**Task brief**
After locating "Descrierea produsului Cercei" in the listing below, copy that line and each one after it exactly, ending with the line that has "Mobile ingresso Ken".

**Entries shown**

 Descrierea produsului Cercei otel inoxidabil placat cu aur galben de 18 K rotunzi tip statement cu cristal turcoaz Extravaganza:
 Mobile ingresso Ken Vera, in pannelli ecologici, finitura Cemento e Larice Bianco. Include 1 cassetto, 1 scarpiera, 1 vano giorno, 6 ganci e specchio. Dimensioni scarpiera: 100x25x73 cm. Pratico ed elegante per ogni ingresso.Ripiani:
---
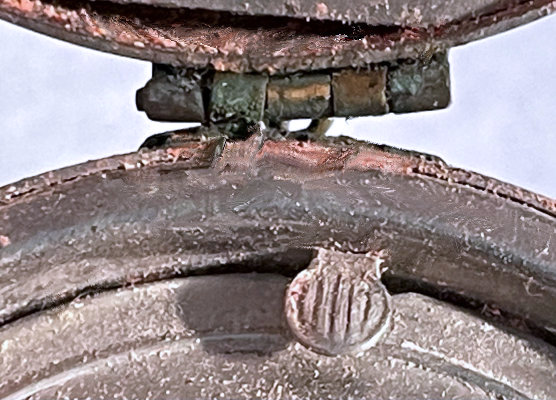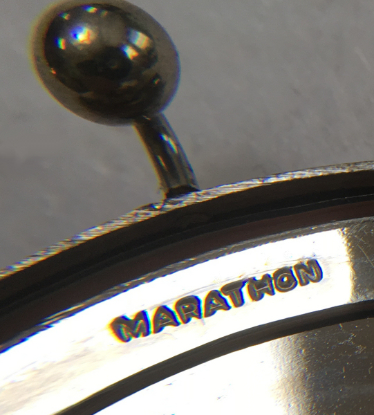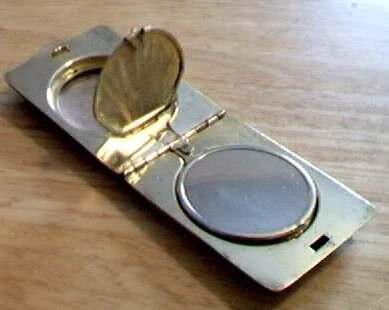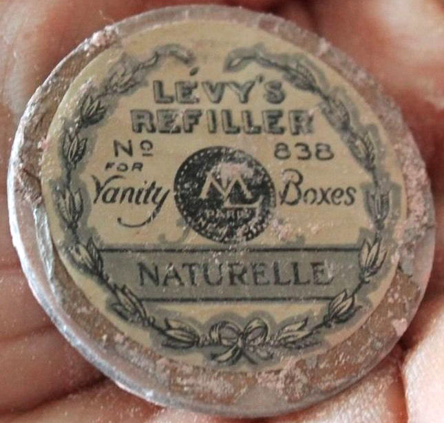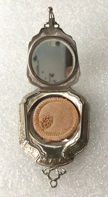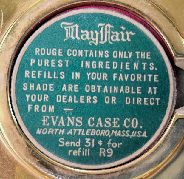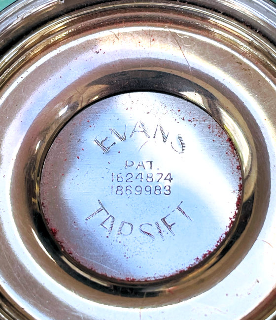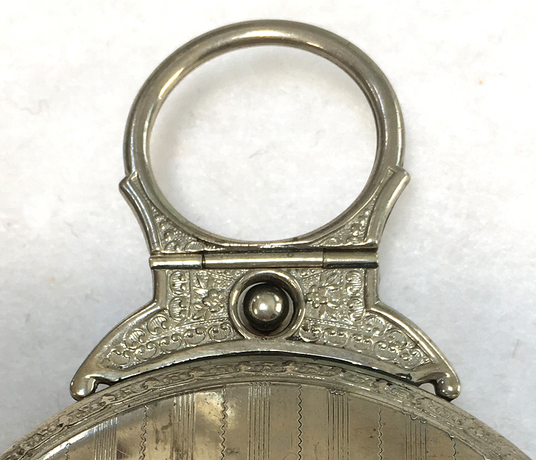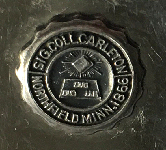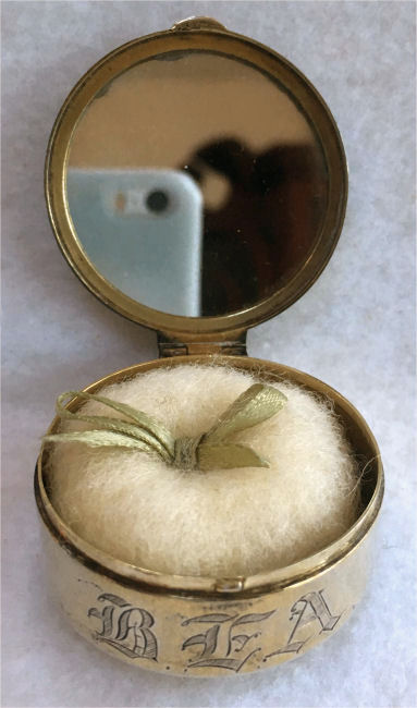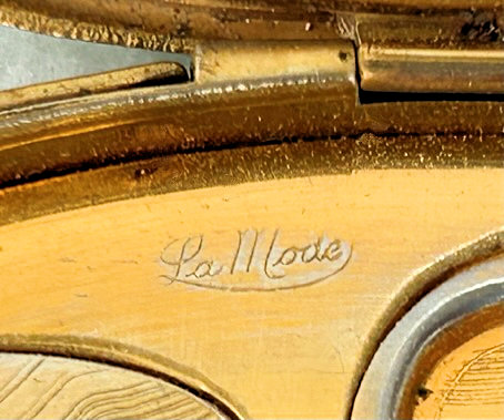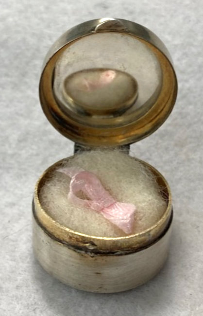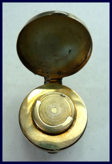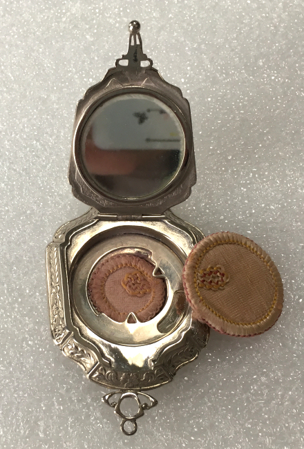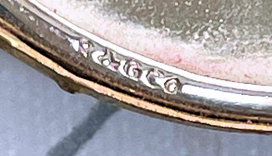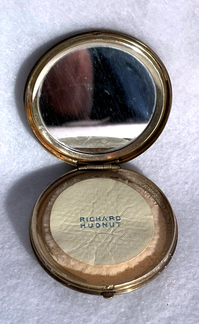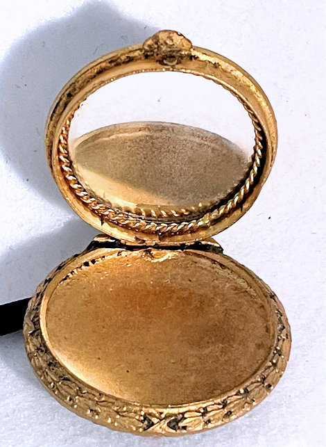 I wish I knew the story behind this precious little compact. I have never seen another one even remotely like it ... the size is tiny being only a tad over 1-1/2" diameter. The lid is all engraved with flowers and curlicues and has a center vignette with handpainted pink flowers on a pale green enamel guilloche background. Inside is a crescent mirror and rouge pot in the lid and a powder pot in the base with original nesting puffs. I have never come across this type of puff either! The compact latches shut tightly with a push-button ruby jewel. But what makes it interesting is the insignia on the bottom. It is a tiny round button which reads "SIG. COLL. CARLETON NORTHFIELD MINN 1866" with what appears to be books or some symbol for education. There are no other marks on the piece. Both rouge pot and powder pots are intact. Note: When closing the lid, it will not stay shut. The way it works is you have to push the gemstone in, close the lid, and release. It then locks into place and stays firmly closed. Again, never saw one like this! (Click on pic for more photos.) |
==
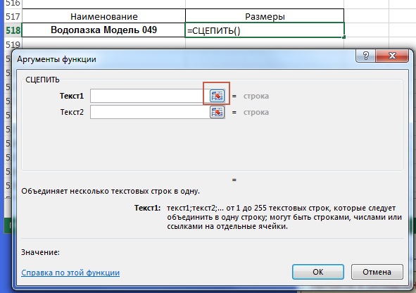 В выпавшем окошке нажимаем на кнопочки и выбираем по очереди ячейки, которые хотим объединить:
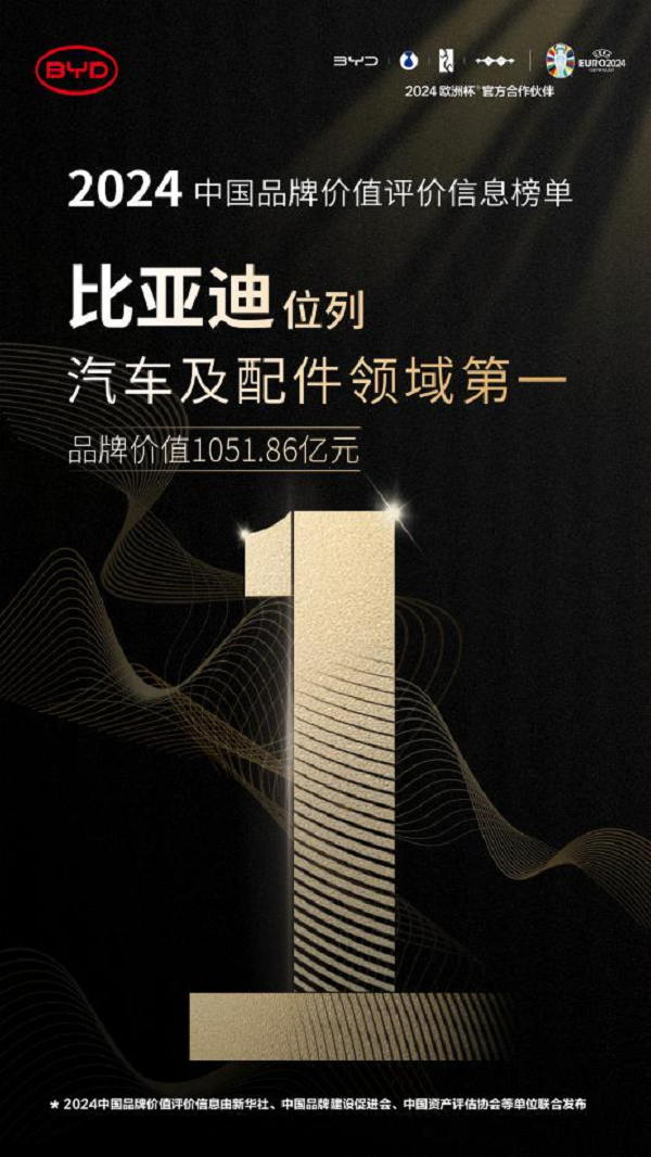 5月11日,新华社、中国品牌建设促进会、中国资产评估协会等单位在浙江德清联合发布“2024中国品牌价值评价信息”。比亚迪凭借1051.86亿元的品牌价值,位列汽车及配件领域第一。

**Task output**
 Descrierea produsului Cercei otel inoxidabil placat cu aur galben de 18 K rotunzi tip statement cu cristal turcoaz Extravaganza:
 Mobile ingresso Ken Vera, in pannelli ecologici, finitura Cemento e Larice Bianco. Include 1 cassetto, 1 scarpiera, 1 vano giorno, 6 ganci e specchio. Dimensioni scarpiera: 100x25x73 cm. Pratico ed elegante per ogni ingresso.Ripiani:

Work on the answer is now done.